Organizing the Art Area
I love office supplies. I love organizing papers into files and binders. I love fine-tip, rollerball pens. I love sorting paper clips, thumbtacks, sticky notes, staples, and binder clips into little containers in my desk drawer. I love the feeling I get when I open a new package of markers for the first time. I love office supplies so much that I even met the man who would eventually become my husband at an office supply store 24 years ago—so it’s no wonder that my favorite part of any preschool classroom to set up and organize is the Art area.
Finding attractive, inviting ways to sort, organize, and display art materials encourages children’s participation, creativity, and autonomy in the Art area. Here are some fun ideas from The Creative Curriculum for displaying and sorting art materials:
Egg cartons with the top taped to the bottom can be used to hold scissors.
Ice cream containers, washed and dried, make good paper holders. They also can be used to store collage materials. Several containers stapled or bolted together can house a variety of small art items.

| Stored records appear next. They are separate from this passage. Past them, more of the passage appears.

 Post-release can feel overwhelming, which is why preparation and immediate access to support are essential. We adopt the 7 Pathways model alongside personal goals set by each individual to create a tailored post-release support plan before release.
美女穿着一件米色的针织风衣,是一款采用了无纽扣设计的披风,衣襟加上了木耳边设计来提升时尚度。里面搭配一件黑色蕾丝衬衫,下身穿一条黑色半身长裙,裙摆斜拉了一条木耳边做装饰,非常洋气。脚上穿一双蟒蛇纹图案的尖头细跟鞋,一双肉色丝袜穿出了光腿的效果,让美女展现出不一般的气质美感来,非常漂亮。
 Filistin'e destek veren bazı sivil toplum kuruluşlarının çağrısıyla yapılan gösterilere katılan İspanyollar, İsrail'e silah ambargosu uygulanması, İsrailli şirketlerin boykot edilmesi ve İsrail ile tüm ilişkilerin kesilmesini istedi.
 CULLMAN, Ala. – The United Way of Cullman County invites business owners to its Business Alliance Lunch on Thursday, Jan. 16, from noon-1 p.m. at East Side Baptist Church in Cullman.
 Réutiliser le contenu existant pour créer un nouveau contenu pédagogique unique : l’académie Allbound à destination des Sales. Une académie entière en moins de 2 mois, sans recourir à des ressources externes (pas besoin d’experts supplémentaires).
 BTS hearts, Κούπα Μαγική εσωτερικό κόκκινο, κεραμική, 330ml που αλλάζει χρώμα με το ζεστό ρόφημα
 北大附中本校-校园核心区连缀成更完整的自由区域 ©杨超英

Six-pack cardboard beverage containers can be made into paint caddies. Place a clean frozen juice can lined with contact paper in each of the six slots or use clear squeeze bottles so children can see the paint color inside. Children can pick up a caddy and a brush, an advantage when easels don’t have a paint drawer attached or when a wall easel is in use.
Airtight containers can hold clay, molding dough, and other doughs. Use either plastic containers with a tight-fitting lid or metal containers with a plastic liner.
Empty yogurt containers with plastic lids make good glue or paste containers, as do squeeze bottles like those for ketchup or mustard. It is a good idea to have enough glue and paste containers so that each child in the Art area can have one to himself.
Yarn, ribbon, or twine dispensers can be made from a cardboard box with corrugated cardboard dividers. The divided areas make convenient spaces for individual balls of yarn, ribbon, or string, and prevent tangling. Punch a hole in the top of the box over each space and draw strands through the holes.
A pegboard with hooks can be used to hang smocks or woodworking tools. Shadows of objects can be cut out of colored adhesive paper to show children where tools should be returned.
Now that the first few months of the school year have passed, take a look at your Art area and see if there are any changes you’d like to make to the setup and display of materials.